→ **EXERCISE**
Pictures are to be dropped, and only the lines from the one containing "Cable Usb4 C" through the end of the data below are to be reproduced as written.

◆ ◆ ◆ ◆

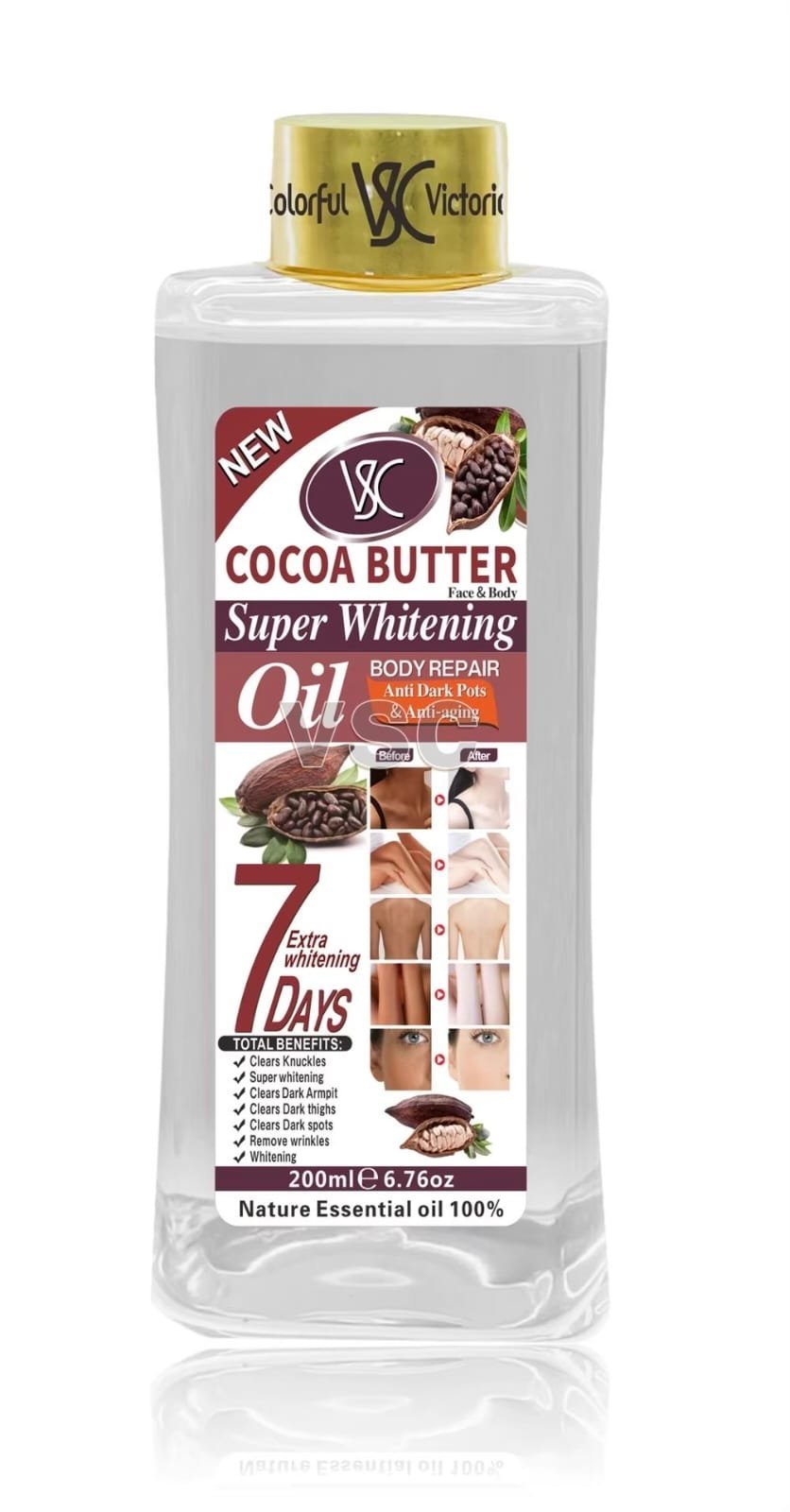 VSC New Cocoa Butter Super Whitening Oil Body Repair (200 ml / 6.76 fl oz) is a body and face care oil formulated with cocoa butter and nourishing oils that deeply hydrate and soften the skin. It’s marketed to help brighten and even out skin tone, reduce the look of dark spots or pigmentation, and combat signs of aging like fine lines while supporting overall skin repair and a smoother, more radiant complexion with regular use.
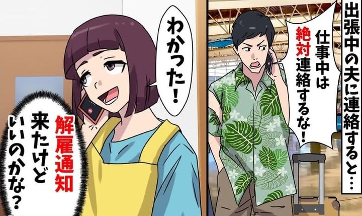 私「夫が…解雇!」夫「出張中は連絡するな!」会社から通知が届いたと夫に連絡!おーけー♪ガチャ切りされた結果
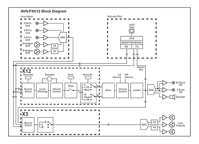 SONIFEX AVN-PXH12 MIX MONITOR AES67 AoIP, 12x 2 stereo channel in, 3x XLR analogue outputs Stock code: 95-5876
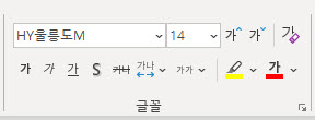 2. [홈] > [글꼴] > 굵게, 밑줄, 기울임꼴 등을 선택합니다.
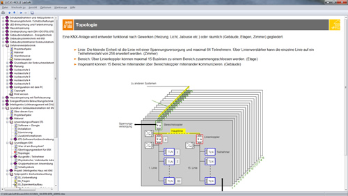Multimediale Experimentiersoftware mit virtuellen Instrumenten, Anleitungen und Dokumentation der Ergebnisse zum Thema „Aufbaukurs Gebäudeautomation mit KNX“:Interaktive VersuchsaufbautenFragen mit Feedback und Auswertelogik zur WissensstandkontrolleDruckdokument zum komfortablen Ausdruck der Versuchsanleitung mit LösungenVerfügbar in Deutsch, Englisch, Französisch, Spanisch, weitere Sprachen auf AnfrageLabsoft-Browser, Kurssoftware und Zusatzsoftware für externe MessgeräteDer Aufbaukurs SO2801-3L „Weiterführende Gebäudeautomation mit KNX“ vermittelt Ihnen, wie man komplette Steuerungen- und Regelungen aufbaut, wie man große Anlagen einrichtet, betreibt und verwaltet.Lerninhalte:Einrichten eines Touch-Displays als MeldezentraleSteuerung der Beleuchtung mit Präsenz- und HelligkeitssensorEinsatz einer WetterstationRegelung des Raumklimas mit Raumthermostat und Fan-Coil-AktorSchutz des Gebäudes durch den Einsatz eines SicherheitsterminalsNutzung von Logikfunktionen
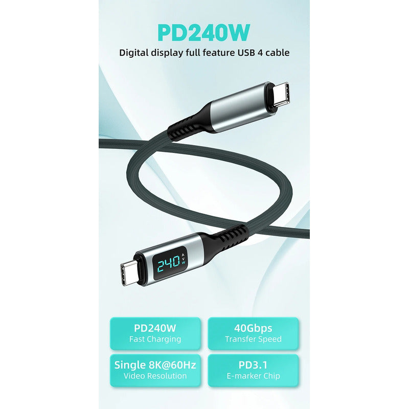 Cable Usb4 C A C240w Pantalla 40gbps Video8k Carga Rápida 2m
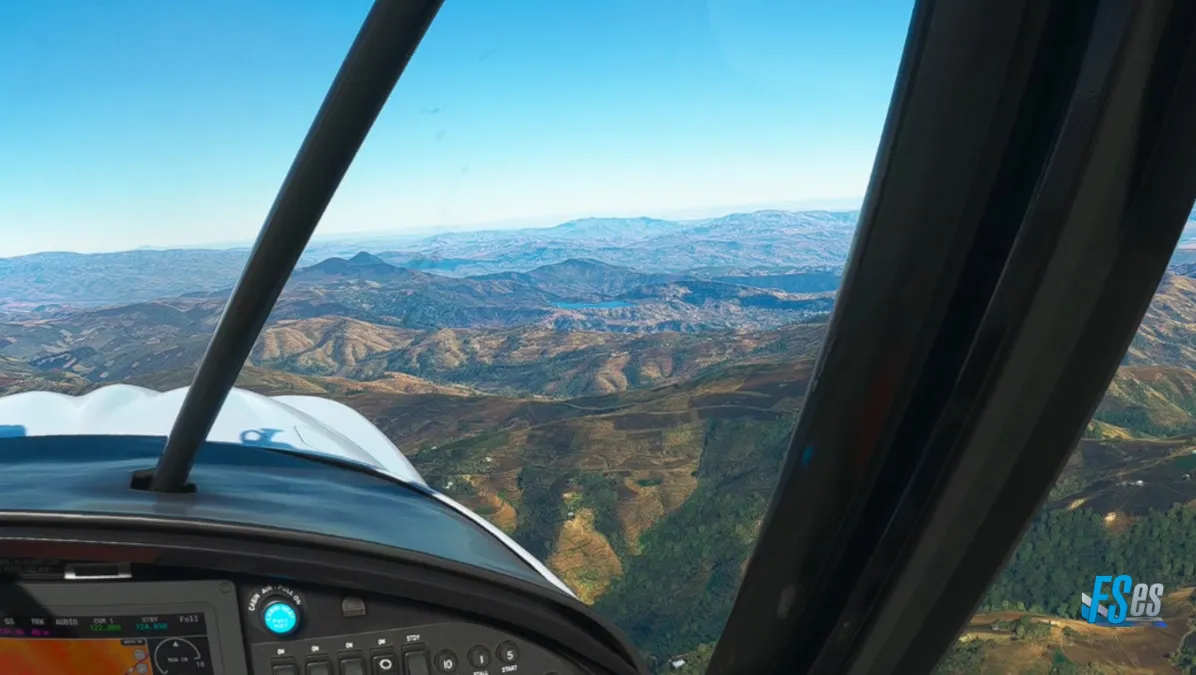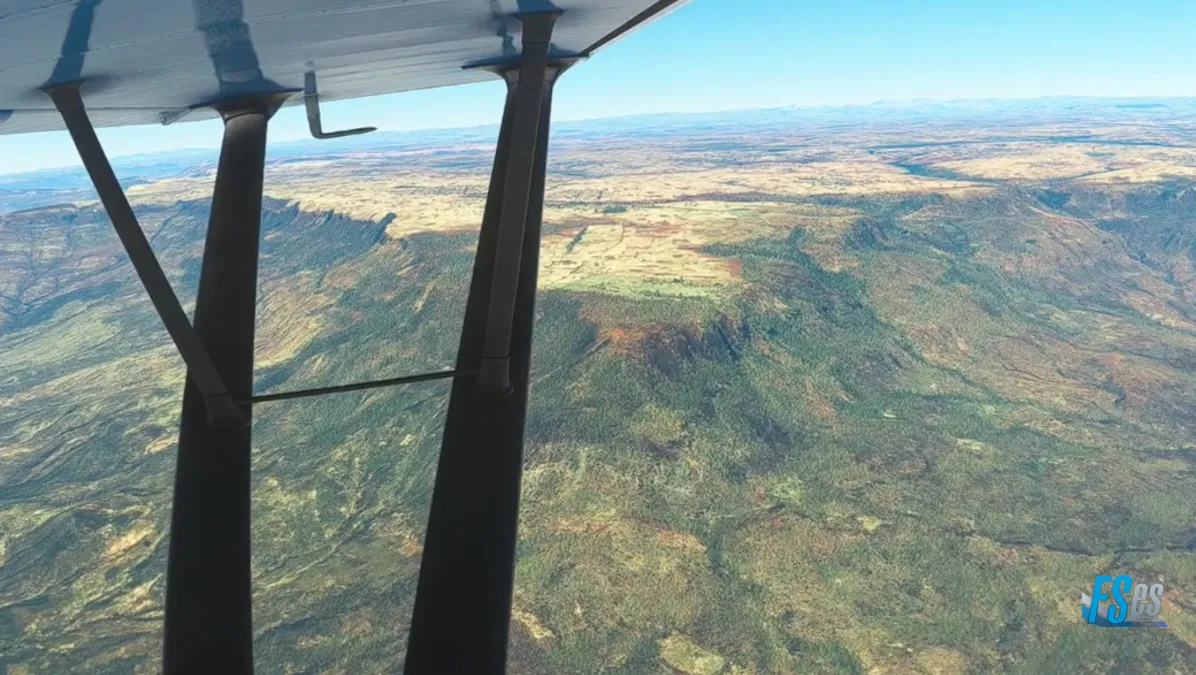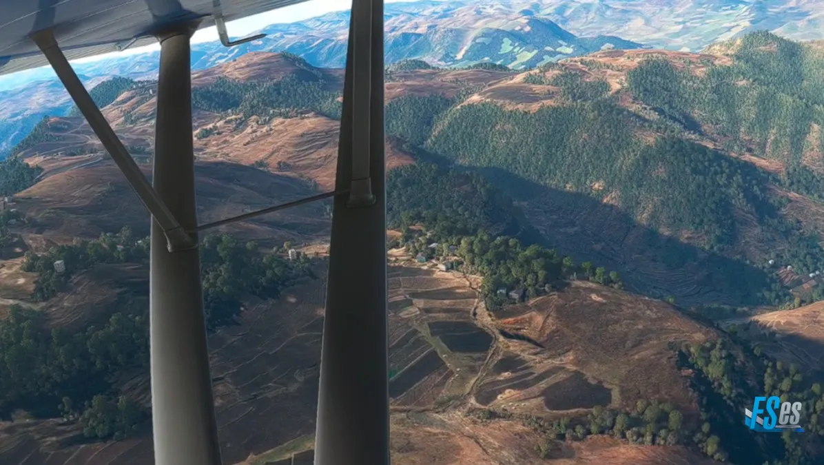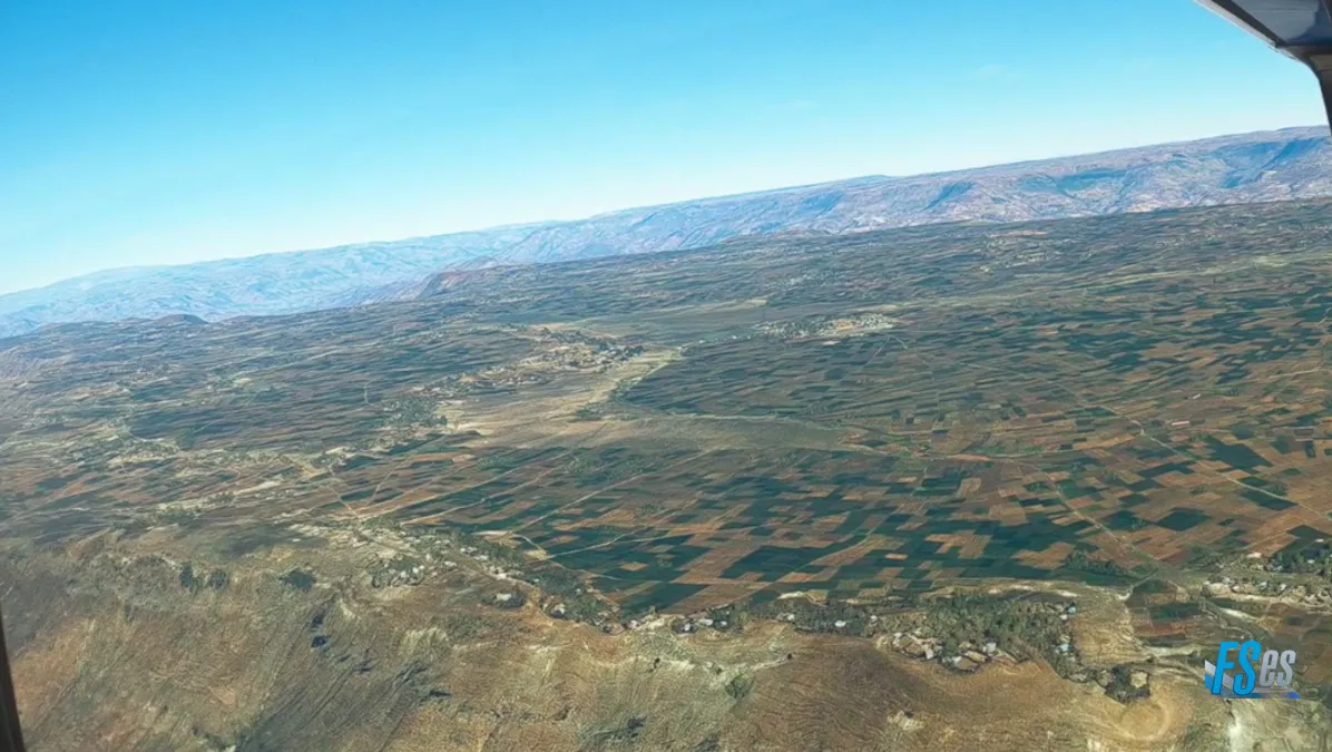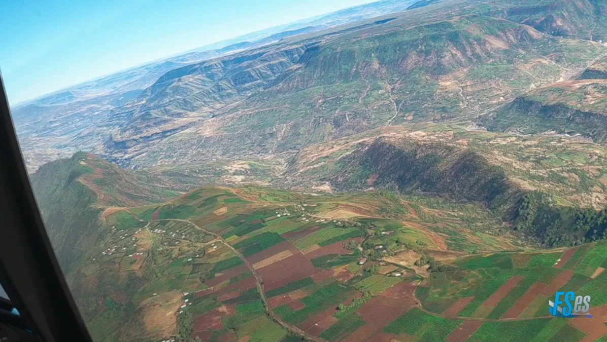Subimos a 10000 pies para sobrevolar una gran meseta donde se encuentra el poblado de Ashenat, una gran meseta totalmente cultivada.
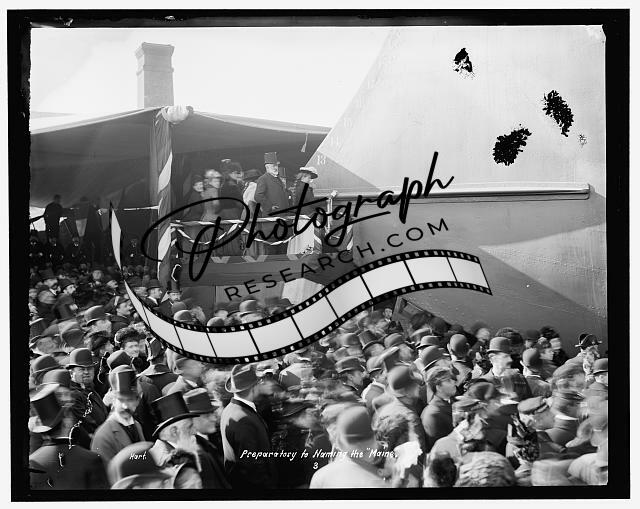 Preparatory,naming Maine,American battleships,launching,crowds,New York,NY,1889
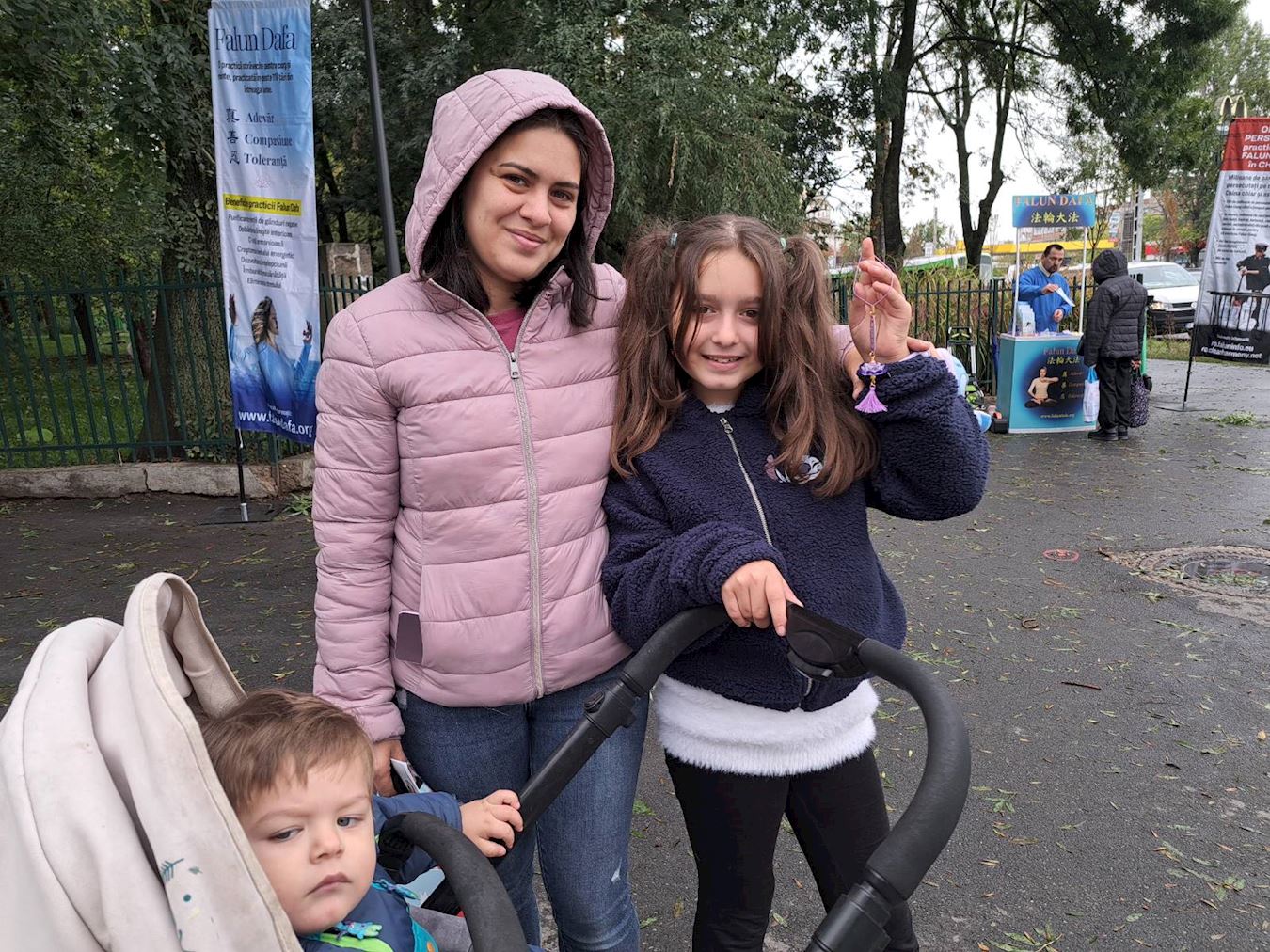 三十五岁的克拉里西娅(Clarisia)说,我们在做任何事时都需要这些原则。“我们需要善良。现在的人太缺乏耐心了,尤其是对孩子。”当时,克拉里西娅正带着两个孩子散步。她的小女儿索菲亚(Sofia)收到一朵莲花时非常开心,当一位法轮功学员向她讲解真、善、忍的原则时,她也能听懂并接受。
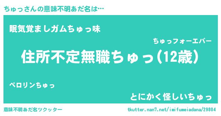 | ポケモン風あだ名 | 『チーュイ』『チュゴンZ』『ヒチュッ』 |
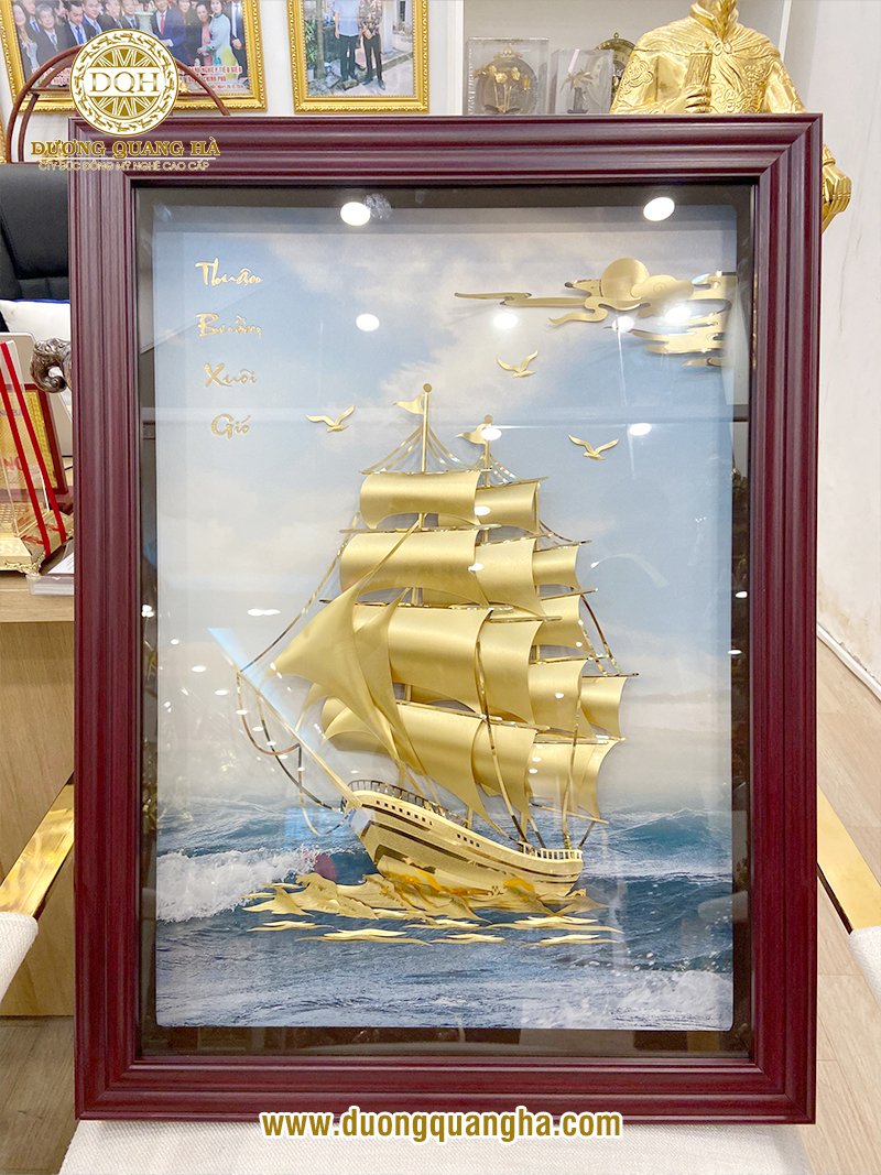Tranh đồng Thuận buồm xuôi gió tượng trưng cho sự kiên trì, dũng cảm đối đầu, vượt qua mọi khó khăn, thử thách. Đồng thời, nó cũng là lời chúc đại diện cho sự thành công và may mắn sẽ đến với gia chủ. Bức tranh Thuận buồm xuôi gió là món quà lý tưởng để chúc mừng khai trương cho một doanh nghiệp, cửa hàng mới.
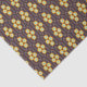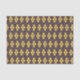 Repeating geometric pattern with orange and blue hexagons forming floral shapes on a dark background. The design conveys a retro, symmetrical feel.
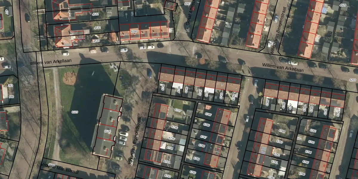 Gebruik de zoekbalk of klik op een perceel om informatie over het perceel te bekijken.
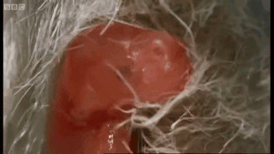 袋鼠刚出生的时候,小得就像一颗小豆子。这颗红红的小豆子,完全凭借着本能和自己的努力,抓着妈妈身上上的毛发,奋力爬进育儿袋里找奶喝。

◆ ◆ ◆ ◆

→ **RESULT FOR THIS EXERCISE**
 Cable Usb4 C A C240w Pantalla 40gbps Video8k Carga Rápida 2m
Subimos a 10000 pies para sobrevolar una gran meseta donde se encuentra el poblado de Ashenat, una gran meseta totalmente cultivada.
 Preparatory,naming Maine,American battleships,launching,crowds,New York,NY,1889
 三十五岁的克拉里西娅(Clarisia)说,我们在做任何事时都需要这些原则。“我们需要善良。现在的人太缺乏耐心了,尤其是对孩子。”当时,克拉里西娅正带着两个孩子散步。她的小女儿索菲亚(Sofia)收到一朵莲花时非常开心,当一位法轮功学员向她讲解真、善、忍的原则时,她也能听懂并接受。
 | ポケモン風あだ名 | 『チーュイ』『チュゴンZ』『ヒチュッ』 |
Tranh đồng Thuận buồm xuôi gió tượng trưng cho sự kiên trì, dũng cảm đối đầu, vượt qua mọi khó khăn, thử thách. Đồng thời, nó cũng là lời chúc đại diện cho sự thành công và may mắn sẽ đến với gia chủ. Bức tranh Thuận buồm xuôi gió là món quà lý tưởng để chúc mừng khai trương cho một doanh nghiệp, cửa hàng mới.
 Repeating geometric pattern with orange and blue hexagons forming floral shapes on a dark background. The design conveys a retro, symmetrical feel.
 Gebruik de zoekbalk of klik op een perceel om informatie over het perceel te bekijken.
 袋鼠刚出生的时候,小得就像一颗小豆子。这颗红红的小豆子,完全凭借着本能和自己的努力,抓着妈妈身上上的毛发,奋力爬进育儿袋里找奶喝。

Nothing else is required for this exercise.